Session 1: Understanding your ADHD

What we’ll focus on today:

  • What ADHD is and its main characteristics (Inattention, hyperactivity, impulsivity)
  • The different types of ADHD and how they present
  • How ADHD affects the brain and executive functioning
  • The impact of ADHD on daily activities, relationships, and emotional health
  • How ADHD symptoms can change from childhood to adulthood
  • Practical reflection: Recognising ADHD traits in your own life
  • Strengths and the positive aspects of ADHD

Definition of ADHD

ADHD (Attention-Deficit/Hyperactivity Disorder) is a neurodevelopmental condition. It typically shows up in three main areas:

Inattention:

Finding it hard to stay focused, easily distracted

Hyperactivity:

Feeling restless or needing to move

Impulsivity:

Acting on urges without thinking them through

ADHD affects both children and adults. It can impact school, work, relationships, and daily life. Importantly, ADHD isn’t about laziness or lack of motivation – it’s a real, brain-based difference that can feel overwhelming. But with understanding, support and the right strategies, ADHD can be managed and even become a source of strength.

Core symptoms

Here’s a quick look at the main symptoms:

Reflection: What symptoms do you experience? You may find it useful to complete a symptoms tracker for you to become more aware of which ones you notice.

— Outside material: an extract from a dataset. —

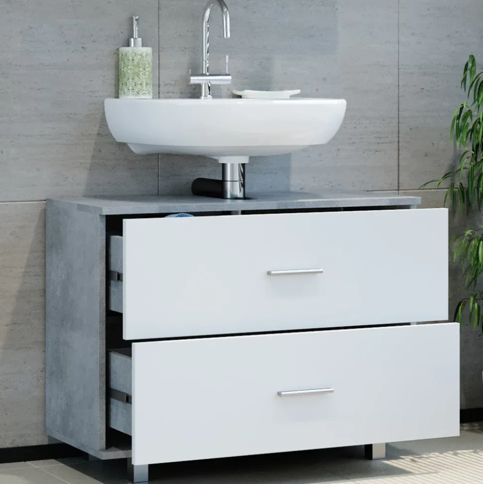 Der Ilias Waschbeckenunterschrank ist ein praktischer und funktioneller Badezimmerschrank. Er hat zwei große Schubladen, in denen Sie alles verstauen können, was Sie fürs Baden und Duschen benötigen. Der Unterschrank hat eine Aussparung für einen Siphon, so dass Sie das Wasser problemlos ablassen können. Dieser Waschbeckenunterschrank ist aus hochwertigen Materialien gefertigt und sehr langlebig. Er ist auch kompatibel mit anderen Artikeln der Ilias-Kollektion.

  • Trouble focusing, especially on boring tasks
  • Getting distracted easily
  • Forgetting daily things (keys, tasks, appointments)
  • Struggling to stay organised
  • Feeling restless or fidgety
  • Acting on impulses, interrupting others
  • Making quick decisions without thinking
  • Finding it hard to wait for your turn

Types of ADHD

Research by Barkley (2015) indicates that inattention in ADHD isn’t simply a difficulty in focusing. It also involves challenges with working memory and self-regulation of attention.

There are three primary subtypes related to ADHD:

  • Predominantly inattentive type: Mostly trouble focusing, forgetfulness
  • Predominantly hyperactive-impulsive type: Mostly physical restlessness and impulsivity
  • Combined type: A mix of both inattentive and hyperactive-impulsive symptoms

How ADHD affects daily life

Now that we know the common signs, symptoms and subtypes of ADHD, let’s explore how these might show up day-to-day:

Academic and work performance: Struggling to finish tasks, meet deadlines, or concentrate in classes or meetings.

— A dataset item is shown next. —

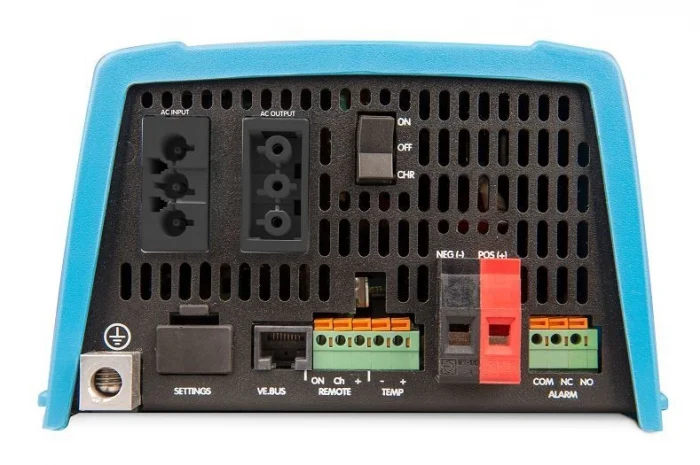 Iesirea principala are functionalitate neintrerupta. Invertorul Multiplus preia furnizarea consumatorilor conectati in cazul unei defectiuni la retea cand puterea de sustinere sau puterea generatorului este scazuta. Acest lucru se intampla atat de repede (in mai putin de 20 milisecunde) incat calculatoarele si alte echipamente electronice vor continua sa functioneza fara intreruperi. Cea dea doua iesire functioneaza doar cand CA este disponibil la intrarea Multiplus-ului.

Socialising and relationships: Finding it hard to follow conversations, pick up on social cues, or manage impulsive comments and behaviours.

Emotional regulation: Experiencing intense mood swings, low frustration tolerance, and trouble coping with stress.

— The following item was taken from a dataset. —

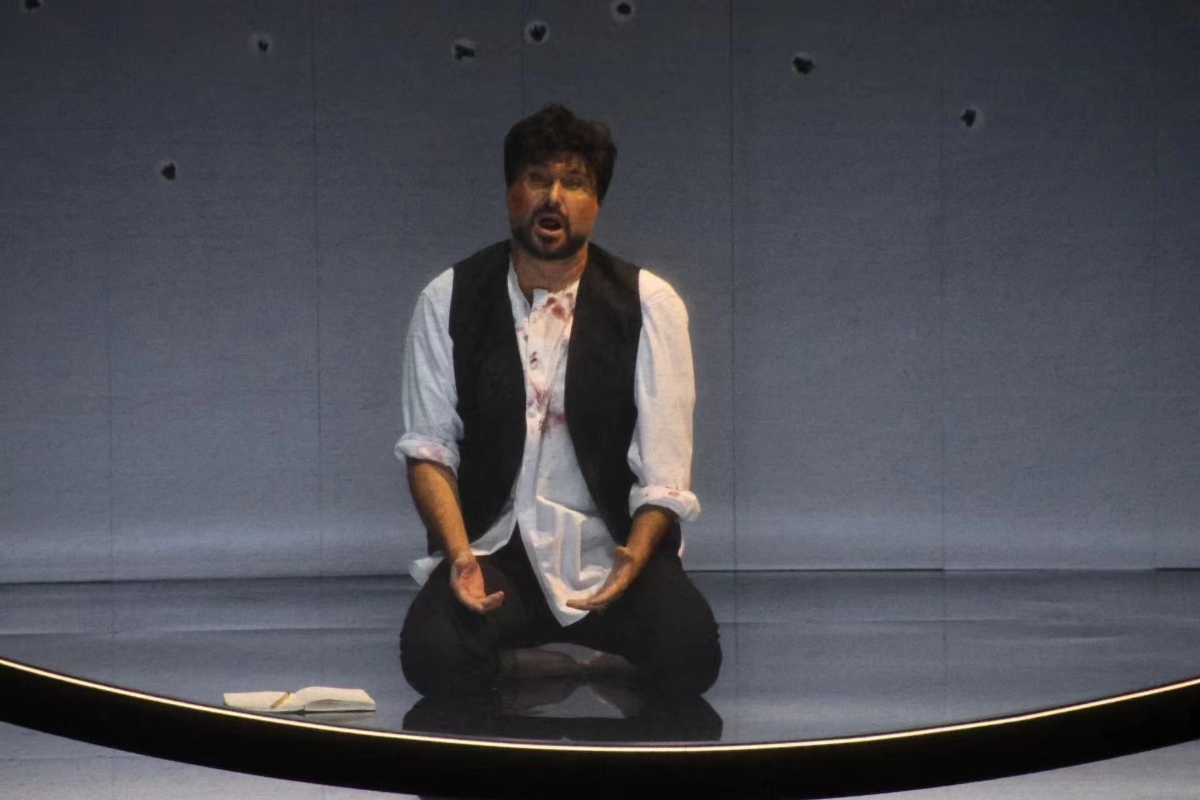 女主角托斯卡來自烏克蘭,她的表演十分搶戲。 場刊介紹女主角迪卡來自烏克蘭,她最擅長表演就是“托斯卡”,無疑這一場的表演是非常成功的。而筆者想起她家鄉的戰火,內心更平添一分悲愴。 《托斯卡》歌劇中另一段非常著名的詠嘆調是《今夜星光燦爛》(E lucevan le stelle)。卡瓦拉多西在監獄當中,得知自己即將被處死。他跟警衛要了紙筆,寫信給托斯卡。這悲傷的詠嘆調,大部分都是在描述夜色與星空之下大自然的靜謐,以及回憶他與托斯卡最溫馨甜蜜的男女之情,最終實在感到自己不想死。他絕望地感慨,用哭腔唱出:“我將絕望的告別(如此美好的)生活,我從未如此珍惜生命!”。

Self-esteem: Ongoing challenges can lead to feelings of self-doubt or thinking you’re not ‘good enough’.

Time management: Difficulty estimating how long tasks will take and managing your time effectively

Planning and prioritising: Struggling to organise complex tasks and set clear priorities.

Emotional responses: Difficulties managing emotional reactions and navigating strong feelings.

Reflection: Do any of these feel familiar to you? Can you think of examples in your own life where these challenges have shown up?

ADHD presentations

While commonly diagnosed in childhood, ADHD symptoms often persist into adulthood, although they may present differently at different stages:

  • Childhood: More obvious hyperactivity and impulsivity.
  • Teenage years: Hyperactivity typically reduces, but issues with inattention and impulsivity remain.
  • Adulthood: Hyperactivity may present as internal restlessness, while inattention and impulsivity continue affecting everyday life.

Predominantly inattentive presentation:

This subtype of ADHD often includes the following symptoms:

  • Difficulty sustaining attention, especially on tasks perceived as boring or challenging.
  • Easily distracted by external or internal stimuli.
  • Poor organisational skills; difficulty tracking tasks, belongings, or managing time.
  • Forgetting important deadlines, appointments or daily responsibilities.
  • Avoidance and procrastination of tasks requiring sustained mental effort.

Hyperactive-impulsive presentation:

This subtype often includes the following symptoms:

  • Excessive physical movement (fidgeting, squirming).
  • Persistent restlessness or feeling ‘driven by a motor’.
  • Struggling with quiet activities.
  • Making impulsive decisions without considering the consequences.
  • Frequent interruption of others.

Prevalence of ADHD…you’re not alone

We have so far covered common symptoms, the impact of ADHD and subtypes. However, how common is ADHD?

Research has shown:

  • Approximately 5% of children and 2.5% of adults have ADHD globally.
  • Meta-analysis (Polanczyk et al., 2015) found worldwide ADHD prevalence of 7.2% among children and teenagers.
  • Adult ADHD prevalence is around 2.8% globally (Song et al., 2020).
  • Around 60-70% of children diagnosed with ADHD continue to meet criteria into adulthood.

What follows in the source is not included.